TABLE 1.
Data related to safety of COVID‐19 convalescent plasma from randomized controlled trials and a large observational study
| Author | Study design | CCP arm N | Control arm N | Placebo used | Percentage of CCP patients with AE | Percentage of control patients with AE | Adverse events CCP within 24 h of transfusion |
|---|---|---|---|---|---|---|---|
| Li L 19 | RCT | 52 | 51 | Standard of care | 3.80% | NA | 2 with non‐severe allergic; 1 with severe TAD |
| Agarwal A 31 | RCT | 235 | 229 | Standard of care | 3.80% | NA | 1 with pain at infusion site, chills, nausea; 3 with fever and tachycardia; 2 with dyspnea and IV catheter blockage; 3 with mortality possibly related to CCP |
| Salman OH 17 | RCT | 15 | 15 | Standard of care | 0% | NA | No adverse events |
| Rasheed AM 16 | RCT | 21 | 28 | Standard of care | 4.70% | NA | 1 with mild allergic reaction |
| Simonovich VA 18 | RCT | 228 | 105 | Normal saline | 4.80% | 1.90% | 13 AE in 11 patients‐ No significant differences in the overall incidence of AE (OR, 1.21; 95% CI, 0.74–1.95) or SAE. |
| Libster R 13 | RCT | 80 | 80 | Normal saline | 0% | 0% | No adverse events |
| Joyner MJ 4 | Observational | 20,000 | NA | NA | 0.39% | NA | 78 transfusion reactions [(<1%) ‐ 36 TACO; 21 TRALI; 21 severe allergic] mortality within 4 h of transfusion: 10 reported as related to transfusion.
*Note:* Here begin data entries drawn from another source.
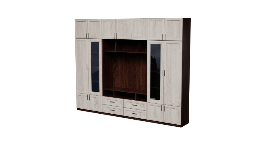 The central TV section provides convenient space for a TV and multimedia equipment, while numerous shelves and lockable cabinets facilitate storage of everyday items. A distinctive feature of the VERO model is the glass display cabinets, which lend the entire structure a lightness and allow for the elegant display of decorations, books, or glassware without overwhelming the space.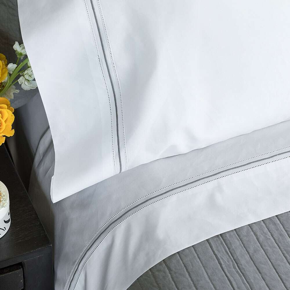 Bella White 300TC Sheet Set and Pillowcase have a double hemstitch in white cotton percale with white satin embroidery. Sheet Set includes one flat sheet, one 18" deep fitted sheet, and two pillowcases.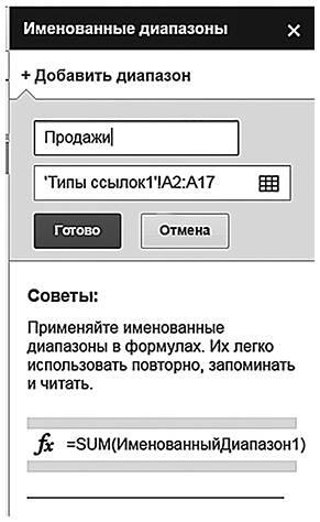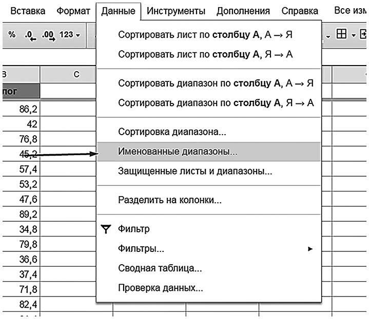 Как и в Excel, диапазонам в Таблицах можно присваивать имена. Именованные диапазоны делают формулы наглядными, ведь вместо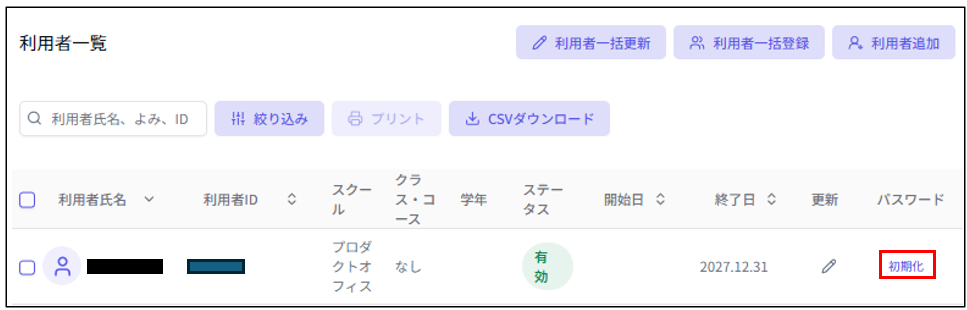 ② 利⽤者⼀覧画⾯が表⽰されます。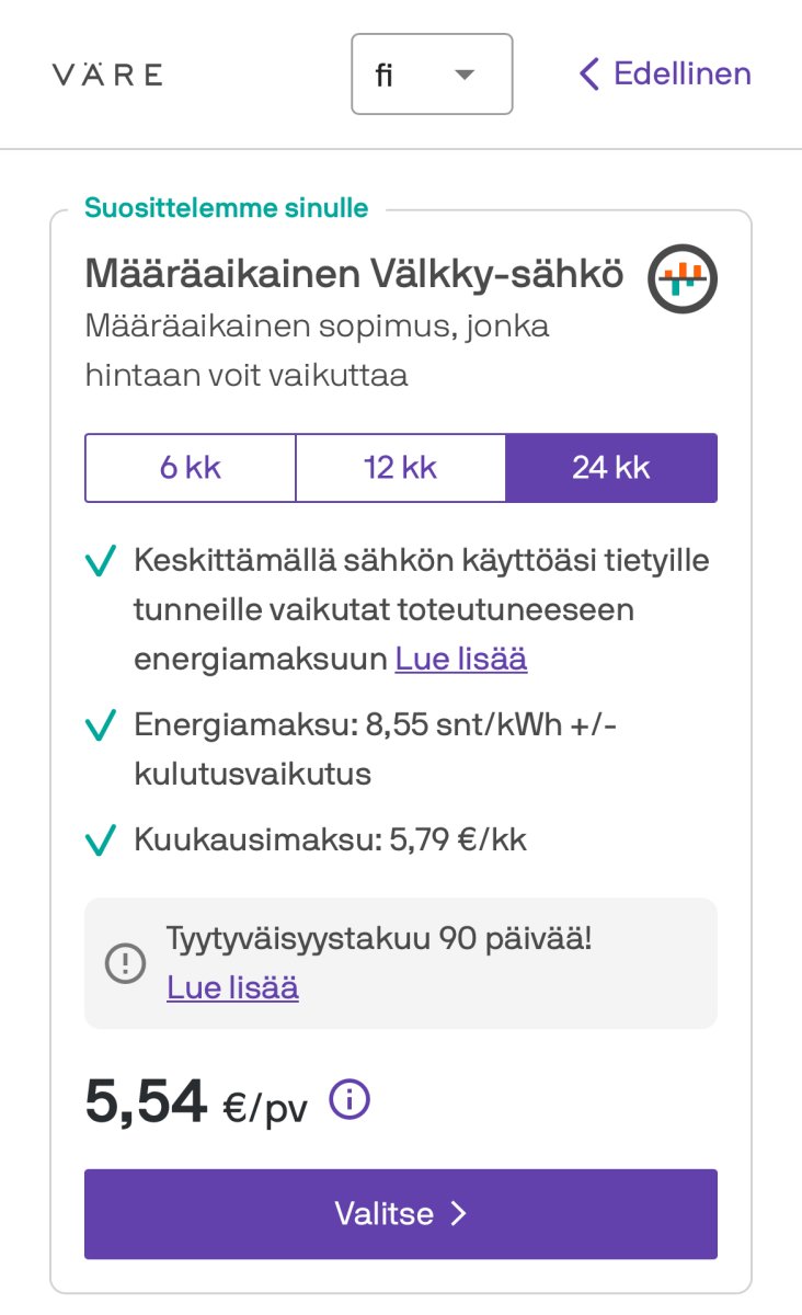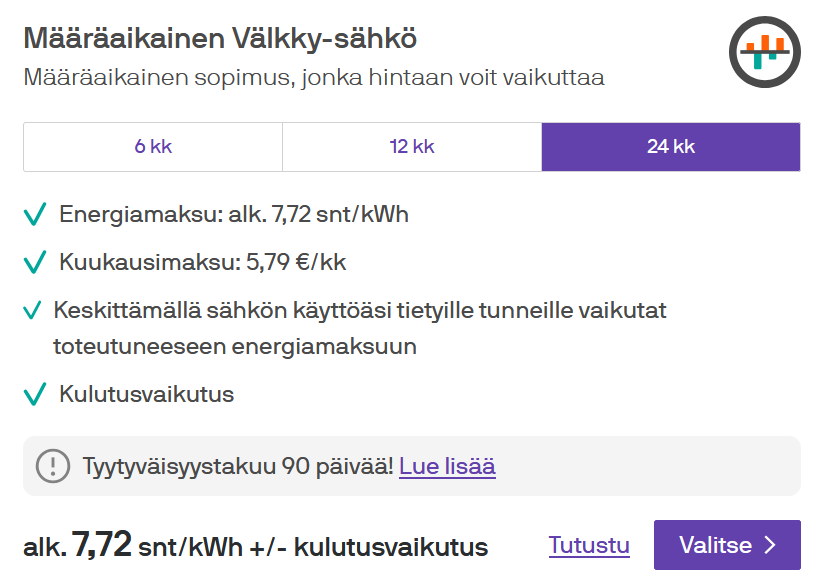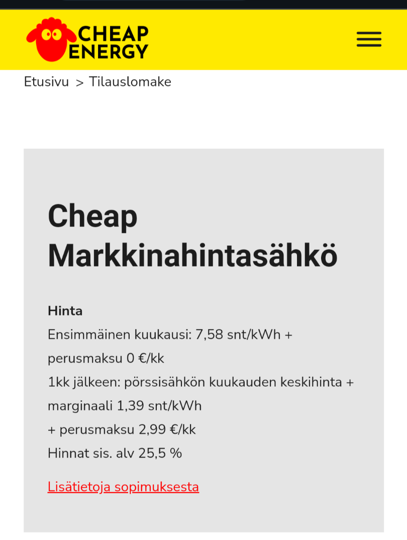 Peruslinjaa joo. Kokkolan energian 6kk kamppanja 7,8snt/kwh soppari päättyy 27.1-25 jonka jälkeen jatkuu pörssillä automaattisesti mikäli ei jatkoa tee. Lupasivat toki heittää jatkotarjouksella vuodenvaihteessa. Uskoisin että 6kk jatkotarjous vois olla jotain tyyliin 9,5 snt/kwh. Ei tuo jatko pörssilläkään poissuljettu ole, sen verran maltillista hinta on siellä ollut nyt.Peruslinjaa

Thrombotic or thromboembolic events: 113 (<1%) |
Abbreviations: AE, adverse events; CCP, COVID‐19 convalescent plasma; FNHTR, febrile non‐hemolytic transfusion reaction; NA, not available; OR, odds ratio; RCT, randomized controlled trial; TACO, transfusion associated circulatory overload; TAD, transfusion associated dyspnea; TRALI, transfusion‐related acute lung injury.